* **MATERIAL PROVIDED**

##########

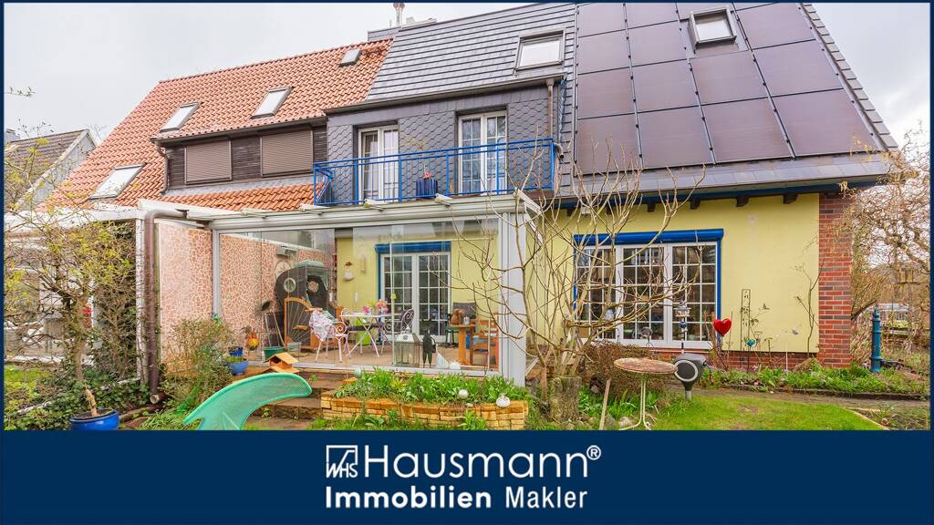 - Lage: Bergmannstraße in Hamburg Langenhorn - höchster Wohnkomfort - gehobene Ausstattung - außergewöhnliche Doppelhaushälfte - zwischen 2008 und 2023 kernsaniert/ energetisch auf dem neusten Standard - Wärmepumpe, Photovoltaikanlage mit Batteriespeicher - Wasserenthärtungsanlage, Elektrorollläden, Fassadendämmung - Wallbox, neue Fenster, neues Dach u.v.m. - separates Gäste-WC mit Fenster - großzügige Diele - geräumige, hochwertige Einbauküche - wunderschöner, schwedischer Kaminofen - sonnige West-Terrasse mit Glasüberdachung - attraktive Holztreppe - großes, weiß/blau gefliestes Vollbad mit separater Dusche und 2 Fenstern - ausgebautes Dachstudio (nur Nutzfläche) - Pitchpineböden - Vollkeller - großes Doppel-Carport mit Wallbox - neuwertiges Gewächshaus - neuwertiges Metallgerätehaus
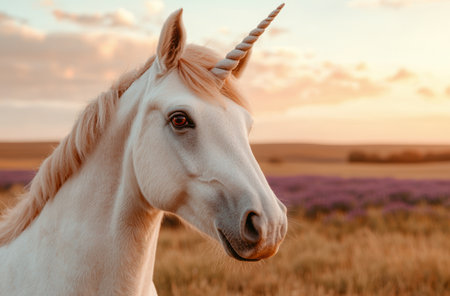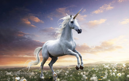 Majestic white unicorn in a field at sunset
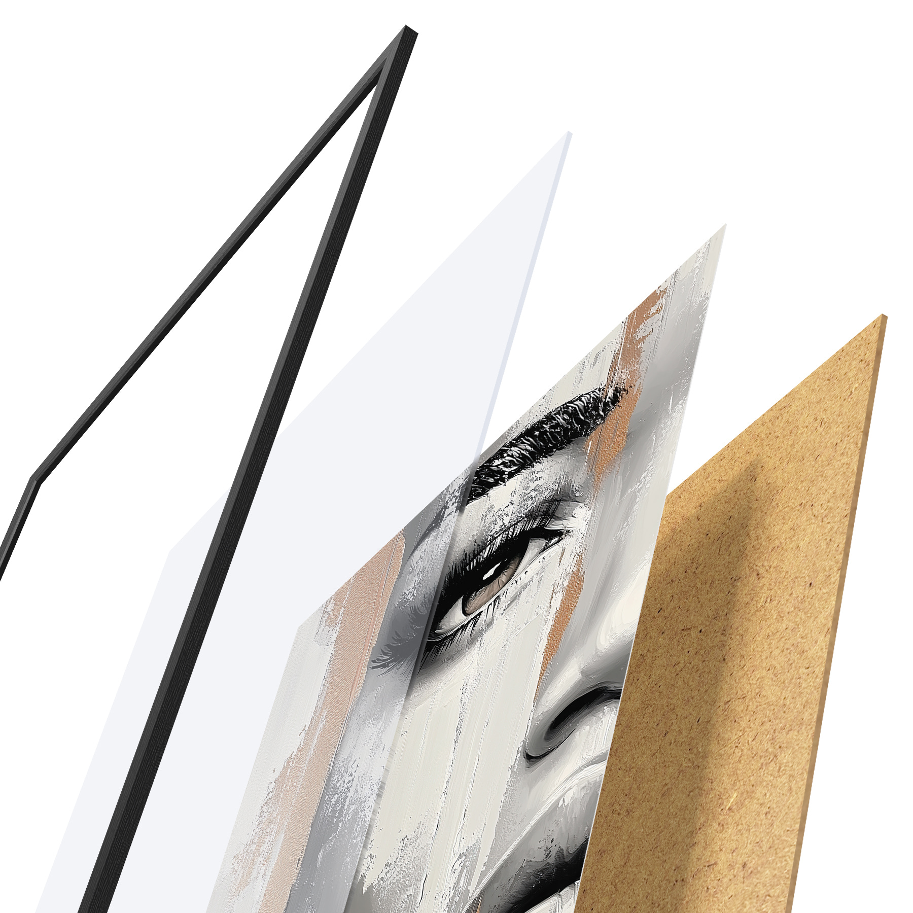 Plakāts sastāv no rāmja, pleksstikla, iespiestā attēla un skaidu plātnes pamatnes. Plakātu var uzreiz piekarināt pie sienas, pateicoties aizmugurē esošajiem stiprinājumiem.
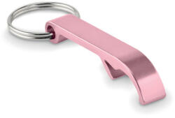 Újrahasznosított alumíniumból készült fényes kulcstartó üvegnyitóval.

##########

* **TASK**
Please give every line above again word for word, apart from the pictures.

* **RESPONSE TO THIS EXERCISE**
 - Lage: Bergmannstraße in Hamburg Langenhorn - höchster Wohnkomfort - gehobene Ausstattung - außergewöhnliche Doppelhaushälfte - zwischen 2008 und 2023 kernsaniert/ energetisch auf dem neusten Standard - Wärmepumpe, Photovoltaikanlage mit Batteriespeicher - Wasserenthärtungsanlage, Elektrorollläden, Fassadendämmung - Wallbox, neue Fenster, neues Dach u.v.m. - separates Gäste-WC mit Fenster - großzügige Diele - geräumige, hochwertige Einbauküche - wunderschöner, schwedischer Kaminofen - sonnige West-Terrasse mit Glasüberdachung - attraktive Holztreppe - großes, weiß/blau gefliestes Vollbad mit separater Dusche und 2 Fenstern - ausgebautes Dachstudio (nur Nutzfläche) - Pitchpineböden - Vollkeller - großes Doppel-Carport mit Wallbox - neuwertiges Gewächshaus - neuwertiges Metallgerätehaus
 Majestic white unicorn in a field at sunset
 Plakāts sastāv no rāmja, pleksstikla, iespiestā attēla un skaidu plātnes pamatnes. Plakātu var uzreiz piekarināt pie sienas, pateicoties aizmugurē esošajiem stiprinājumiem.
 Újrahasznosított alumíniumból készült fényes kulcstartó üvegnyitóval.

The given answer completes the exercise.